One of the things on my hard limits list is no cutting my hair. When I was pondering the things I should include on that list I read an article that said try to think about things that at first glance might not appear relevant but that if they did you would absolutely not want to do them. I thought about my body and imagined things being done to me that would not be kinky but traumatic. Having someone cut my hair off sprung to mind. It has remained on the list ever since.
It is not that I am particularly obsessed with my hair but I do like it and it is an integral part of the way that I look. Over the years it has changed in length a great deal. I think I was about 14 the first time I cut it short. It went from grazing the top of my knickers to not even reaching my shoulders. It was a bold move, an attempt to change myself and to be honest was pretty much motivated by being very unhappy with the person I felt I was. I immediately set about growing it back and continued to have long hair right up until I was nearly 30. I cut it short again when I became a Mum as it was easier to manage. I have a lot of dark thick hair and when it was long it took ages to dry. It has some version of short ever since.
The greys hair started to appear just before I was 40. Because my hair is so dark they stood out rather dramatically and so I bought a box of dye and for the first time in my life dyed my hair. It is now either a dark plum colour or a dark cherry red but every 6/8 weeks I can see the grey at the roots and there is more and more of the damn stuff. Maybe one day it will be all be a beautiful silver-grey and I can stop with the colouring. I have recently started to grow it again though. I don’t know how far I will get with that but as the years pass by I think if I don’t grow it again now then I probably never will and I am not sure I am ready to say that this is it as far as hair styles go just yet
So what about hair and kink?
Well I can’t say I have a fetish for my hair but it certainly does feature in things that I like. I love having my hair stroked and caressed. There is something hugely erotic about someone brushing the hair from my face or across my forehead especially if it is followed by a kiss. Then there are those kisses that involve handfuls of hair, fingers twisting into my locks pulling my head back, guiding and holding my head. There is something strong and demanding about that type of kiss that makes my knees go weak.

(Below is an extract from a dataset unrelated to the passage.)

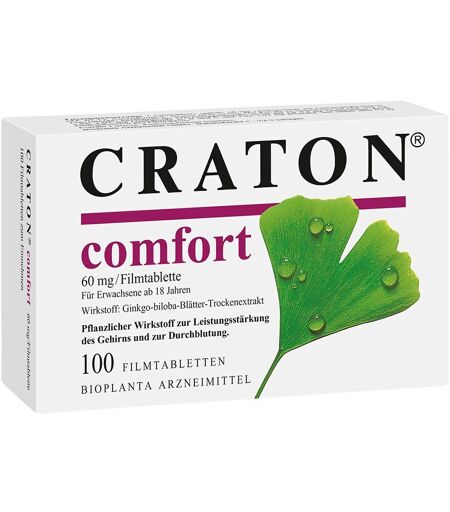 Craton comfort 60 mg / Filmtablette Für Erwachsene ab 18 Jahren Wirkstoff: Ginkgo-biloba-Blätter-Trockenextrakt Anwendungsgebiete: Zur Behandlung von Beschwerden bei durch altersbedingte Arterienverengung hirnorganisch bedingten geistigen Leistungsstörungen im Rahmen eines therapeutischen Gesamtkonzeptes mit den Hauptbeschwerden: Rückgang der Gedächtnisleistung, Merkfähigkeit und Konzentration, Kopfschmerzen, Schwindelgefühle, Ohrensausen. Bevor die Behandlung mit Ginkgo-Extrakt begonnen wird, sollte geklärt werden, ob die Krankheitsbeschwerden nicht auf einer spezifisch zu behandelnden Grunderkrankung beruhen. ...

Hair can also play a very sexy role in a blow job. I like sucking cock. I like exploring him with my mouth, finding what it good for him, taking my time getting pleasure from giving pleasure but then there are the blow jobs where he is in control and they almost always involve him using large handfuls of my hair to get me exactly where he wants me. There is something fucking hot about that too, being used for his pleasure.
When it comes to hair pulling if it is part of something else then I am totally going to get off on it, but just having my hair pulled is not, in and of itself a turn on to me. Hold me down by my hair while you fuck me and you are going to find me a growling squirming mess beneath you. Use my hair to snap my head back so you can get the knife in just the right place on my neck and I am going to be seriously turned on. It is about the relationship of using my hair to weaken me, to make me give in, to over power me, that makes it so fucking hot.